## [Data excerpts]
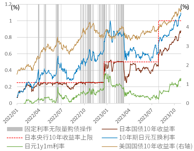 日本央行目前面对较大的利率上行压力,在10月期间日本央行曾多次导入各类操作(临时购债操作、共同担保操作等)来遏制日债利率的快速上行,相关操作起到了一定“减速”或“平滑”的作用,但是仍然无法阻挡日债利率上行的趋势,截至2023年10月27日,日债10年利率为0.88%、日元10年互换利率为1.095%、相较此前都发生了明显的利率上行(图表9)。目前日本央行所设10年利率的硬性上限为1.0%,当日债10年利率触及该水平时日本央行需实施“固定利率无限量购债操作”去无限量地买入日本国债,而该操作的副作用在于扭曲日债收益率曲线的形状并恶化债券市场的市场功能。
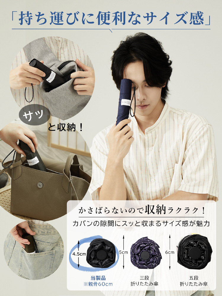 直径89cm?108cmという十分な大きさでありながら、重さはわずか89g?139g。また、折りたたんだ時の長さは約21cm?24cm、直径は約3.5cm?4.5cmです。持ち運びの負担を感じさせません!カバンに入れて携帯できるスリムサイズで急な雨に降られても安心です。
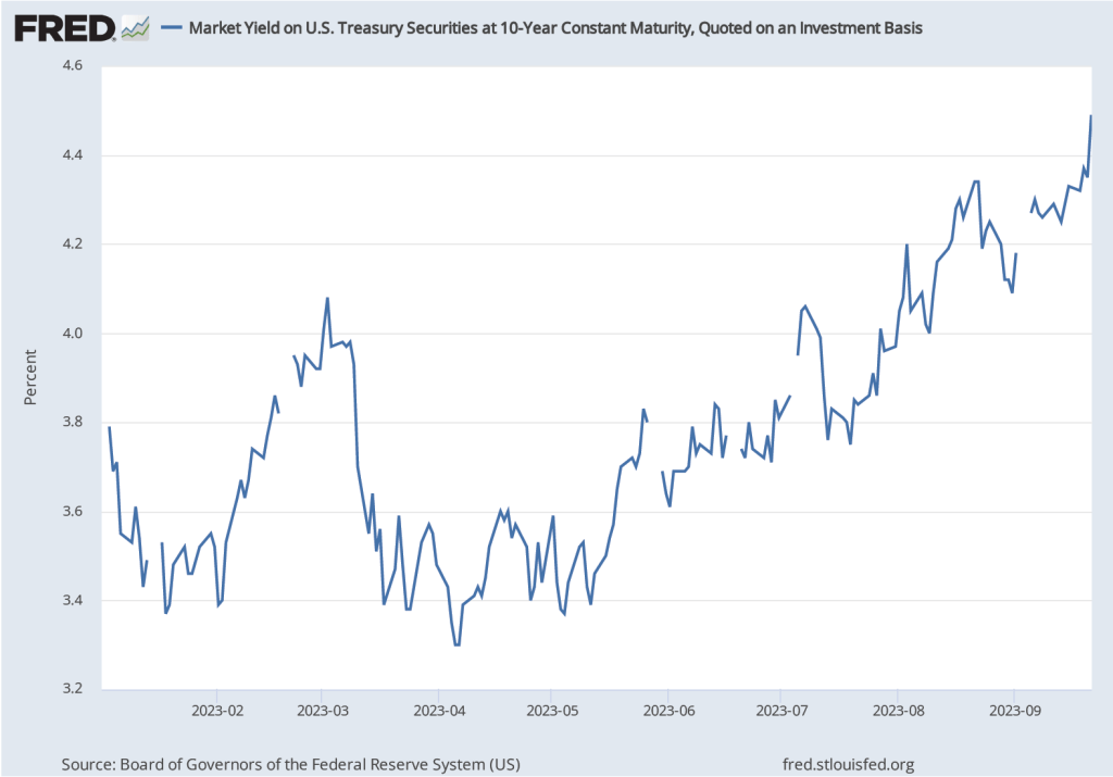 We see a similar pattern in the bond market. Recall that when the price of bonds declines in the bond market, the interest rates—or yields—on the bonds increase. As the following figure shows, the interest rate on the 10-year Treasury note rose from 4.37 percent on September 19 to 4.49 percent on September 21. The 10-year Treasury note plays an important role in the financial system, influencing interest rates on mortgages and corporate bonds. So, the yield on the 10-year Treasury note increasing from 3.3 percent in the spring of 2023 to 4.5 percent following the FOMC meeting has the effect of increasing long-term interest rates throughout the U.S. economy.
--
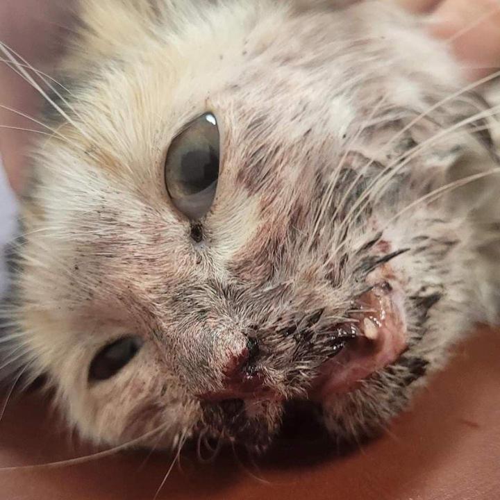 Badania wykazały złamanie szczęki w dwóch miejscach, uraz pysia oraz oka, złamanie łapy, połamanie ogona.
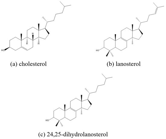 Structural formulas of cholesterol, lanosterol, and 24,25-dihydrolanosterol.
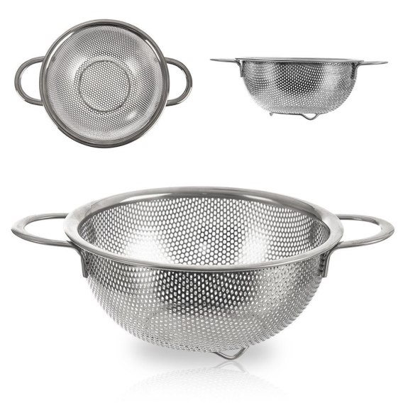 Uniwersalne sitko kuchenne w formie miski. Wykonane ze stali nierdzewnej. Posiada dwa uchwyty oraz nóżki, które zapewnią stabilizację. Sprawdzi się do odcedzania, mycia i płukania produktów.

## [Exercise]
Using the entries above, write out exactly the lines from the one with "直径89cm?108cmとい" through the one with "We see a similar", ends included. Leave out any pictures.

## [Exercise response]
 直径89cm?108cmという十分な大きさでありながら、重さはわずか89g?139g。また、折りたたんだ時の長さは約21cm?24cm、直径は約3.5cm?4.5cmです。持ち運びの負担を感じさせません!カバンに入れて携帯できるスリムサイズで急な雨に降られても安心です。
 We see a similar pattern in the bond market. Recall that when the price of bonds declines in the bond market, the interest rates—or yields—on the bonds increase. As the following figure shows, the interest rate on the 10-year Treasury note rose from 4.37 percent on September 19 to 4.49 percent on September 21. The 10-year Treasury note plays an important role in the financial system, influencing interest rates on mortgages and corporate bonds. So, the yield on the 10-year Treasury note increasing from 3.3 percent in the spring of 2023 to 4.5 percent following the FOMC meeting has the effect of increasing long-term interest rates throughout the U.S. economy.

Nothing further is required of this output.